リンのコントロール
必須元素別の理解など各所で触れているように、水草水槽で最もコントロールが難しい栄養素はリンだと考えています。
意識的に水草が使用する量を超えないようにしていかないと、長期的には必ず過剰になっていくハズです。
リンの過剰は、黒ヒゲを招いたり、pHをやたらと低くしてしまったり...と様々な問題を引き起こします。
では、どうコントロールするのか?
考え方は大きく2方向あると思います。
- リン酸除去剤をフィルターに入れるなどする。
主にアルミナに反応させて吸着除去させる考え方ですね。
鉄とも強く結びつくので、鉄釘を入れただけでも水中のリン酸は吸着されます。...赤錆が出るけど。 - 肥料分のバランスを取って、水草に使い切らせる。
ここでは、後者のことについて書きます。
いくら水草中心の水槽でも、大抵は少しは魚がいるでしょう。
魚がいれば、エサをやることになります。
肥料添加を除けば、大雑把に言って水槽の外から入ってくる栄養分は殆どエサに由来するわけですね。
ここで問題なのはエサの窒素・リン比なんですが、
大抵のエサの場合、窒素量の半分くらいリンが入っているとか、ものによってはリンの方がずっと多いとか...とにかく水草が使う窒素リン比に対してずっとリンが多いんです。

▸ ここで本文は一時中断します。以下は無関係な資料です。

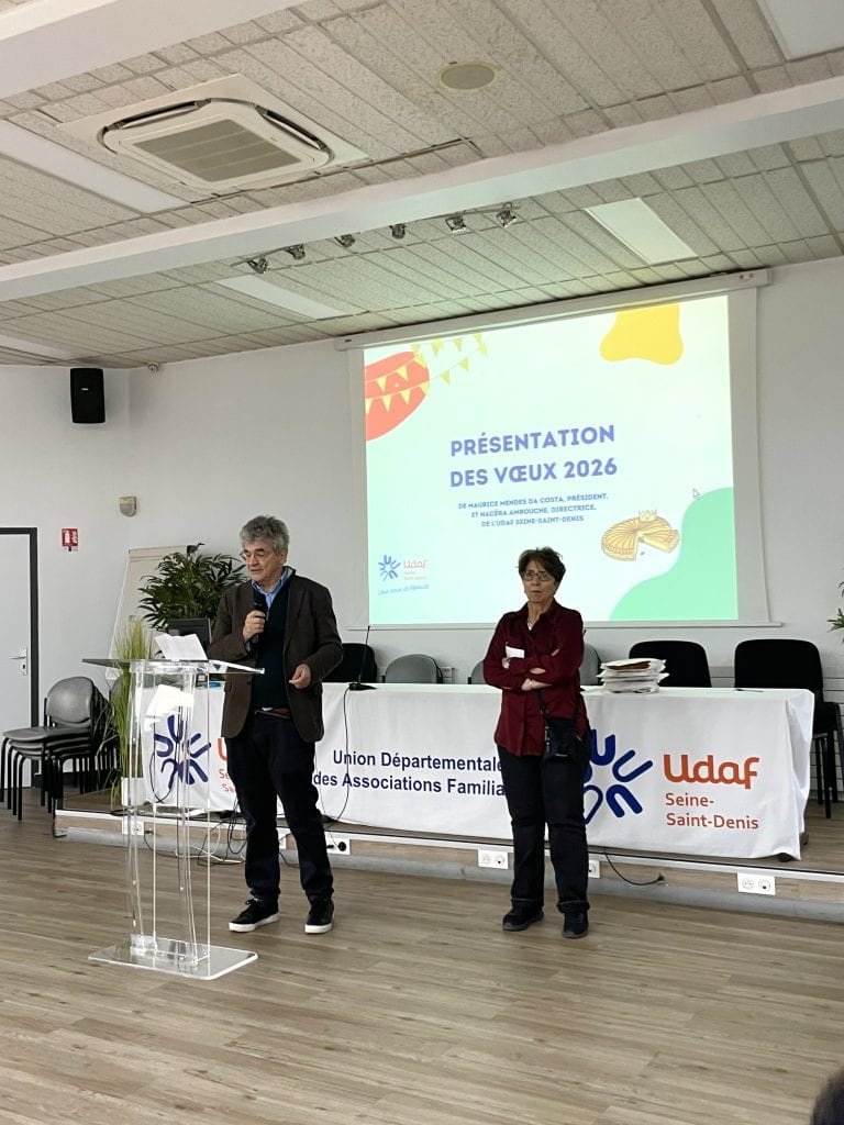 Mardi 13 janvier après-midi, Monsieur Maurice MENDES Da COSTA, Président de l’UDAF, a réuni les salariés pour leur présenter ses meilleurs vœux pour l’année 2026, accompagné de Madame Nacéra AMROUCHE, Directrice de l’UDAF.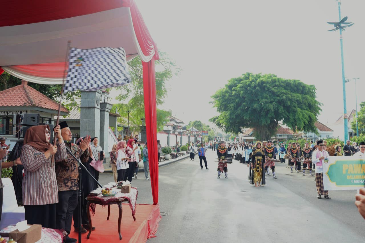 Wakil Bupati Dwi Asih dalam sambutannya menyampaikan apresiasi atas partisipasi masyarakat dan menekankan pentingnya momentum Tahun Baru Islam sebagai pengingat untuk memperkuat ukhuwah dan meningkatkan amal ibadah.
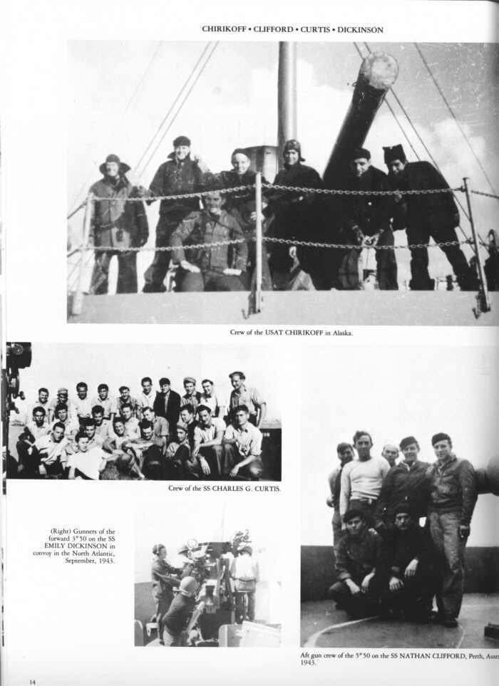 Crew of the USAT Chirikoff in Alaska, crew of the Charles G Curtis, 3"50 gunners on the Emily Dickinson, Aft gun crew of the 5"50 on the Nathan Clifford.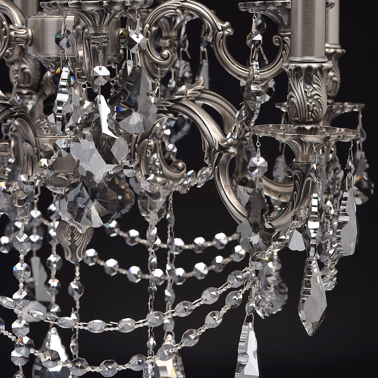 Описание модели 491010110: Классика декора - изысканные светильники с плафонами "свеча" - стиль и роскошь на все времена! Светильник, обрамлён тонким рисунком по драгоценному металлу - черненому серебру, каждая деталь выполнена с особой точностью и мастерством. Ручная работа самого высокого класса, когда рождается уникальный образец истинного искусства. Колористический образ потолочной люстры выполнен с учётом стилистики классицизма романского периода. Хрустальная паутинка создаёт законченный образ парадного дворцового светильника традиционного классического стиля.

完全な沈水性の水草が使う窒素リン比は10:1くらい*ですし、水草水槽のレイアウトで多く使われる湿地植物ではもう少しリンの使用量が大きい可能性も高いですけど、それにしても実を成らせたりする農業・園芸植物が使う様な割合のリンは使わない...遥かに少ないはずです。

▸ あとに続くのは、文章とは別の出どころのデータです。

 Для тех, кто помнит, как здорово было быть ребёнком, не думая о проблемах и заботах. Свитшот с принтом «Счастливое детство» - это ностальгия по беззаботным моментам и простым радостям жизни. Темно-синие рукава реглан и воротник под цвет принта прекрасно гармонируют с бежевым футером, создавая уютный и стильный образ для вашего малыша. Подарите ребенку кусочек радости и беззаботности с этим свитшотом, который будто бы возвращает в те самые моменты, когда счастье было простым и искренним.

水草が使う窒素リン比は2:1みたいに言っているところもよく見かけますけど、それは明らかに農業・園芸由来の知識です。
しかも窒素の方が水換えなどで排出されやすい。
*:琵琶湖南湖の水草の生元素含有率とそれらの比
リンク先のp.110
だからリンが余ってしまう。
ならば(水槽内の水草の活動量全体がかなり大きい場合...常に肥料分を要求するような場合...高回転型の水槽に限りますが)、リン以外の元素添加を増やしてバランスをとってやれば良いわけです。
微量元素を除けば、まずはカリウムですね。
次に窒素です。
実際に添加するのはかなり微量にはなるけれど、リンを含まない窒素肥料を意識して添加していくことによって栄養バランスを取り、リンを使い切らせることができるはずです。
リンを使い切らせることができるならば、掃除の必要性もかなり薄れるはずです。
もちろん、どこまでリンを意識的に減らしていけば良いのか?というのは、水草の活動量と魚(給餌)の量のバランスなど個々の水槽によって異なるはずです。

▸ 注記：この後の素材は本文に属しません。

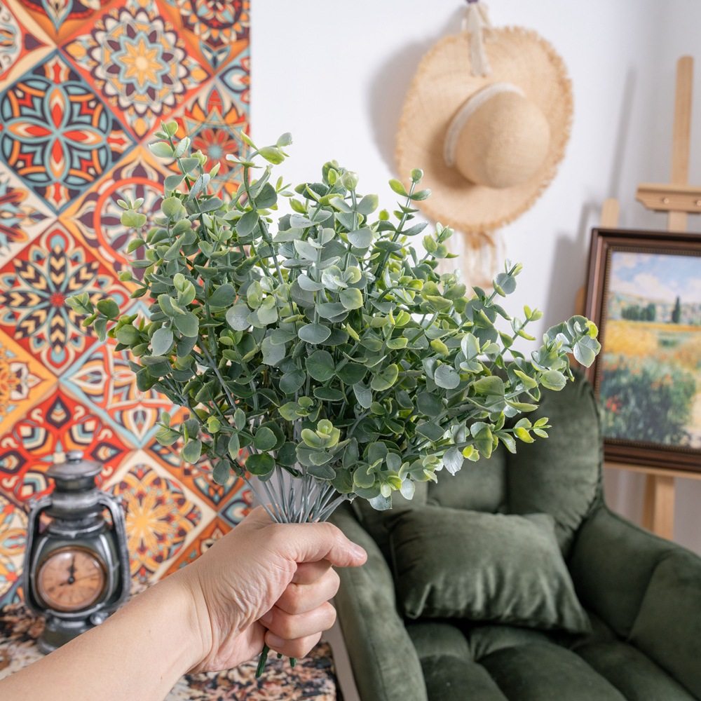 仿真花INS风尤加利金钱叶配草家居装饰婚庆植物墙假花MW56003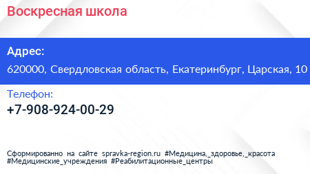 Воскресная школа по адресу 620000, Свердловская область, Екатеринбург, Царская, 10 в дальнейшем Организация, размещена в следующих категориях:
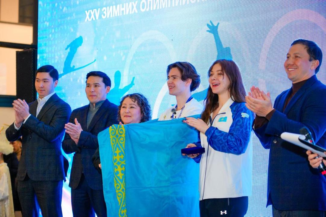 Олимпиада жүлдегерлерін Астана әкімінің орынбасары Ерік Мейрхан қарсы алды. Туризм және спорт министрі Ербол Мырзабосынов құттықтау айтты. Қазақстан конькимен мәнерлеп сырғанау одағының президенті Бауыржан Ералы қатысқан. Қазақстан Ұлттық олимпиада комитетінің президенті Геннадий Головкин арнайы сөз сөйледі.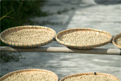 After soaking, the coffee beans undergo their first drying at the farmers' homes. At this point, the coffee beans' moisture content will drop to between 20% and 35%.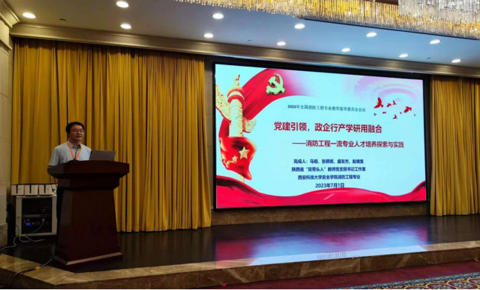 马砺受邀作“党建引领,政企行产学研用融合——消防工程一流专业人才培养探索与实践”的主题经验交流,分别从消防工程系党支部建设现状、党建引领师德师风、党建引领人才培养、党建引领社会服务和党建引领文化传承等方面,详细介绍了我校消防工程专业人才培养和专业建设的特色做法。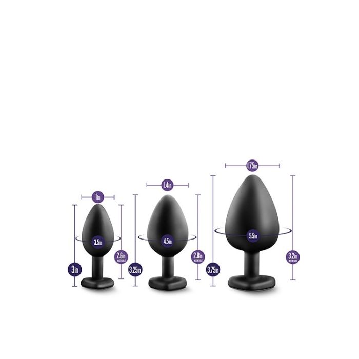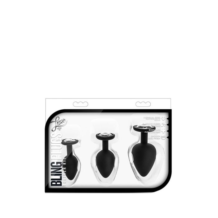 Deze buttplug training set met blingbling kan je helpen met het trainen van je anus voor het gebruiken van anale sextoys. De anus is zeer rekbaar, maar het vraagt vaak enige training om zonder pijn een dildo of grote buttplug in te brengen. Daarbij kan deze set prima helpen. Begin met het kleinste model en als dat goed gaat kun je overstappen naar een grotere maat. De buttplugs hebben een fraaie hartvormige basis, zodat je er ook nog eens super sexy uitziet voor je partner. De veilige brede basis zorgt ervoor dat je buttplug noot in zijn geheel in de anus zal verdwijnen, verwijderen is eenvoudig.

リンは極めて重要な元素で、「足りない」という状況になってしまうと今度は様々な成長障害を招きます。
それに、リンが足りないとグロッソは綺麗にビッタリ這ってくれませんし、グリーンロタラも枝垂れてくれません。
トリミング後の新芽の発芽も悪くなります。
だから長期的に様子を見ながらバランスを取っていくしかないわけですね。
で、そのカギを握るのは(カリウム等は当然として)、窒素です。
あくまでも私の場合ですけど、以下のステップを繰り返すことでコントロールしています。
- リンを減らす。
- 基本的には最も失われやすいカリウム主体のミネラル液肥(0-0-3)を定期的に底床供給器に入れる。
- 水草の育ち具合を見て...例えばグロッソの葉が小さくなってくるなどの窒素不足を感じたら腐植酸アンモニウム液肥(0.2-0-0)を底床供給器に入れる。腐植酸アンモニウム液肥はカリ液肥と相性が悪いので施肥タイミングには注意。
- 必要に応じてリンを足す。
- 充分に光量があるはずのところのグロッソがランナーをあまり出さずに縦伸びするような状況になってきたら...つまり底床内のリンが枯渇してきたと感じられたら、必要に応じてリンを含む液肥(0.2-0.1-0.1)を底床供給器にかなり控えめに入れる。